Correlation between risk score and chemotherapy sensitivity
In the current research, we used GDSC database to predict the response to common chemotherapy drugs by estimating the differences of IC50 among different groups. We found that patients with high risk score were more sensitive to several chemotherapy drugs, including cisplatin, rapamycin, cyclopamine, and bleomycin, while patients with low risk score were more sensitive to metformin and methotrexate (Fig. 16). In addition, there was no obvious difference in sensitivity of gemcitabine, mitomycin C, and doxorubicin among two groups.
Discussion
Bladder cancer (BLCA) is a highly heterogeneous malignancy that develops via a complex multistep biological process. Accumulating evidence has demonstrated the crucial role of the UPR in the progression and outcome of various types of cancer, including BLCA [12, 18, 19]. The UPR was mainly mediated by three ER transmembrane protein sensors: inositol requiring kinase 1 (IRE1), protein kinase RNA-like endoplasmic reticulum kinase (PERK), and activating transcription factor 6 (ATF6) [20]. Silencing OTUB1 can markedly suppress the proliferation and migration of BLCA cells through activating ATF6 signaling [18]. Most of studies focused on the effect of UPR in cancer progression and metastasis, and few studies have investigated the prognostic value of UPR-related genes in cancers, especially in BLCA. Recently, mounting evidence has confirmed that multiple genes model is being used to predict outcomes and therapeutic effect seems to have high credibility [21–24].

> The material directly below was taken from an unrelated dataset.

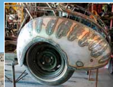
Na rozpracovaném blatníku je vidět to nesmírné kvantum práce

Je to „jen“ Ford '34 – ale proč by na chladiči nemohl nosit figuru „Flying Lady“, kterou se honosil Auburn let dvacátých?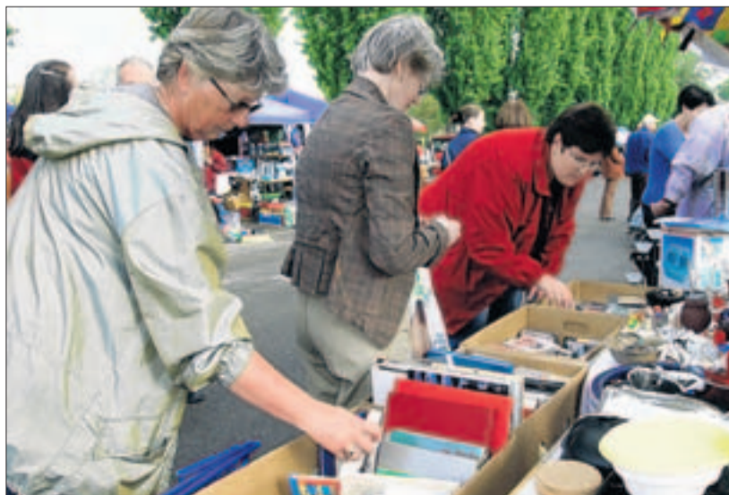
Die Kundschaft genoss offensichtlich das Stöbern in den Kisten und auf den Tischen bei schönem Wetter.

Hence, in the current study, we conducted comprehensive bioinformatics approach to investigate the expression patterns of 251 UPR-related genes in BLCA and their correlation with OS. We identified a prognostic signature consisting of 7 UPRGs correlated with progression and outcomes of patients with BLCA and verified the novel prognostic signature in an external dataset GSE13507. Univariate and multivariate Cox regression analysis suggested that the signature based on 7 UPRGs was independent prognostic factor for survival in BLCA patients. Multivariate ROC analysis showed that risk scores were superior to traditional prognostic factors in predicting outcomes of patients with BLCA. In addition, UPR-based signature was closely associated with inferior clinical characteristics. Subgroups analyses stratified by clinical characteristics also indicated that patients with low risk scores had longer survival than those with high risk scores. A nomogram incorporating clinical characteristics and risk score was established to predict the outcomes of BLCA patients.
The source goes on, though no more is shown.